A final pic from the front, and inside when it’s fully loaded with kegs. I was able to keep some of the shelving with is jam packed with hops and yeast currently.
6 months later, I’ve still not gotten all 8 taps flowing at once. I’ve been close with 6 of 8, but at least it allows me to put new kegs in and leave kicked kegs for a little while until I get around to cleaning them.
Parts List & Cost
Just a quick note: I re-used some things from the older Keezer build, like my stout faucet, shank, a few tap handles, a couple of kegs, and misc. hardware. What I’ll do is list everything as if it was basic faucets and pretend like you’re going to build an 8 tap with no Nitro tap. That really ups the price. So let’s pretend its 8 regular co2 taps.

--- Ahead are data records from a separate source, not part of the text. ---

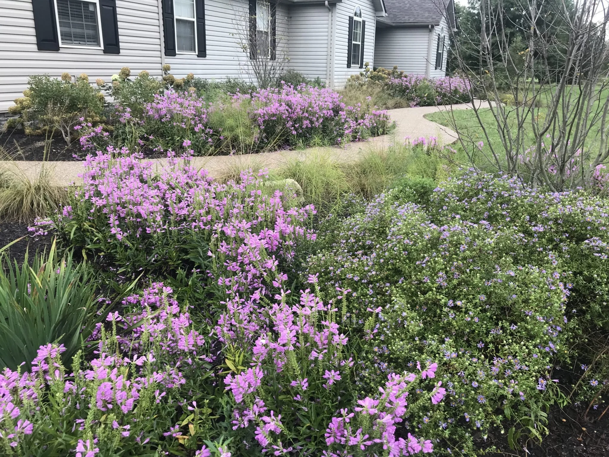As other gardens tend to fade, this garden pops with color thanks to obedient plant, aromatic aster and prairie dropseed.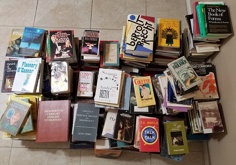 I’ve carried books around with me all of my life. Over the years, I’ve sold, traded, donated and given away hundreds of books. I’ve lost some; I’ve “lent” some. But somehow, I still always move with at least ten good-size boxes of books.  My current collection includes some that I’d left in France (a pile of Shakespeare and some Russian lit, some of them duplicates, mysteriously enough) in my attempt to bring down the weight of our overseas shipping, and I have a small stack set aside for a garage sale we’re planning in the upcoming weeks. Still, I’m now confronted by piles like this: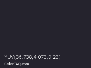 YUV 36.738,4.073,0.23 Color is a very dark indigo color and the nearest color is Shark #25272c. Hex code #25232d and RGB value is rgb(37,35,45). In RGB color space, this color is composed of 15% red, 14% green, 18% blue, In CMYK color space, this color is composed of 18% cyan, 22% magenta, 0% yellow , 82% black , In HSL color space, this color has a hue angle of 252° , 13% saturation and 16% lightness.

|Intertap Bottle Filler||$7||1||$7||Brewhardware.com|
|Gas Line/Fittings Kit||$10||8||$80||Brewhardware.com|
|Beer Line/Fittings Kit||$12||8||$96||Brewhardware.com|
|6 way manifold||$62||1||$62||Brewhardware.com|
|Jumper (from regulator to manifold)||$6||1||$6||Brewhardware.com|
|CPU Fan-Air Circulation||$14||1||$14||Amazon|
The only discrepency between the parts list and my build like I mentioned – No Nitro tap. So this means you need a 7 way manifold, or a 2nd manifold that was a 2 way split for the force carb/soda pressures.
Also, this is a lot of money, but in reality, I had a lot of this stuff already. I had 5 kegs before this project. I had a bunch of gas and beer line fittings and hardware too. I’d say I was just around $900 at time of build if you count the stuff I reused.
Also, can’t speak enough to the simplicity of the EVABarrier kits offered by bobby at brewhardware. Takes all the complexity of figuring out the hardware you need to figure out – Disconnects, tubing, beer nuts, connectors, scotchlocks, couplings, etc. Kidding about a few of those things.
Hope this gives some inspiration on building your kegerator!